I will agree that rental units are often not well taken care of, but otoh if the price is low and that's the only reason the buyer can afford to buy, that can be bad too.
Of the 110 houses in my 30 year old HOA, I think 15 or 20 are rentals now and about 10 or 15 of them are owned by those who once lived here, and most are in as good a condition as those resident owned. Of course things vary widely.

That was probably illegal. Do you need certificates of occupancy where you live? Did he have a C of O for two families?
Long before Barack Obama got to Hyde Park/Kenwood in Chicago, it was a beuatiful neighborhood that was on the brink of being ruined by a combination of speculators and people who could no longer afford to live in their entire homes subdividing homes illegally to make room for one or two more families.

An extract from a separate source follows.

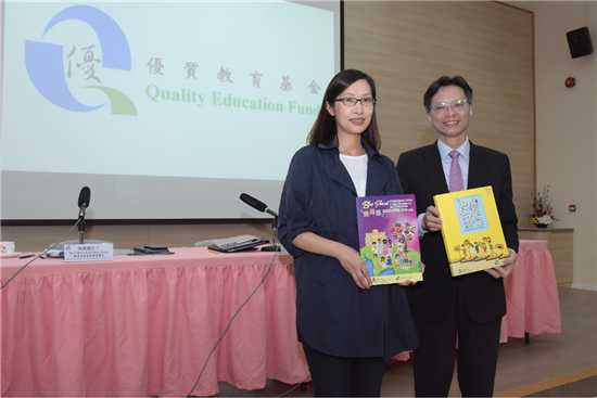 香港「公帑資助學校專項撥款計劃」及2018-2019年度的11個優先主題的傳媒簡報會上,展示不同的學校通過優質教育基金的支持而設計的課本
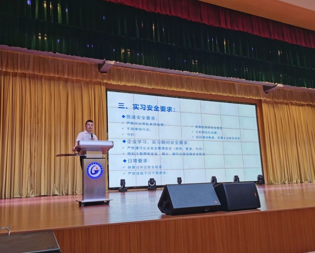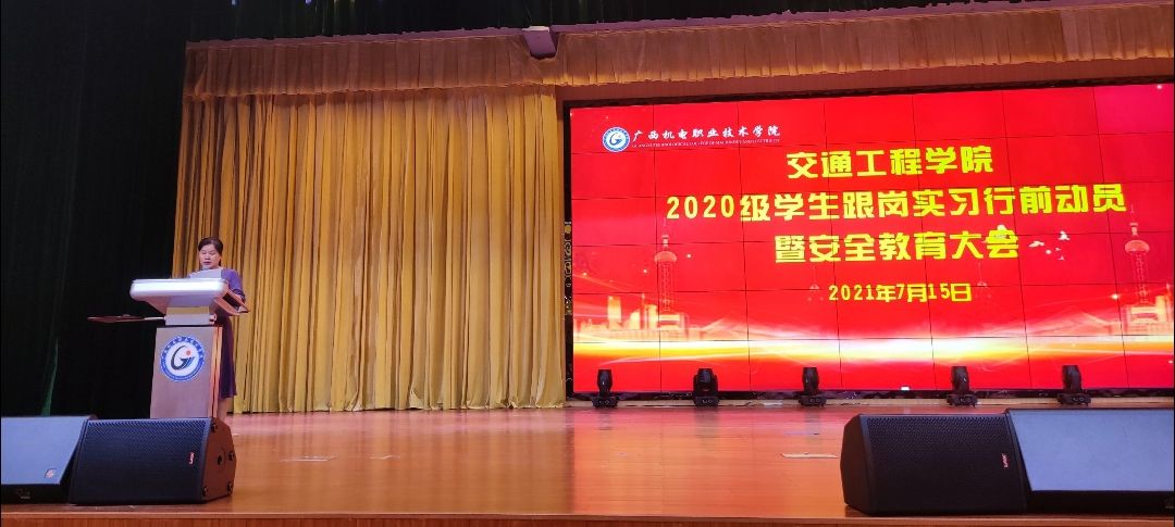 7月15日,我院在学院博远楼6楼小礼堂举行2020级学生跟岗实习行前动员暨安全教育大会,我院班子领导、各专业负责人、实习指导老师、驻厂带队老师、辅导员及2020级全体在校生参加大会。

The n'hood got organized.
One of the tools they used to stop this was getting members of the HPKCC, Hyde Park-Kenwood Community Conference to keep on the look-out for plumbing trucks. Of course some people need plumbing repairs, but if the truck was there for more than an hour, it was likely a conversion, and that always meant an illegal conversion. Then someone would call the building inspector, and I think in the 50's and early 60's that have to hound him because he was often in on it.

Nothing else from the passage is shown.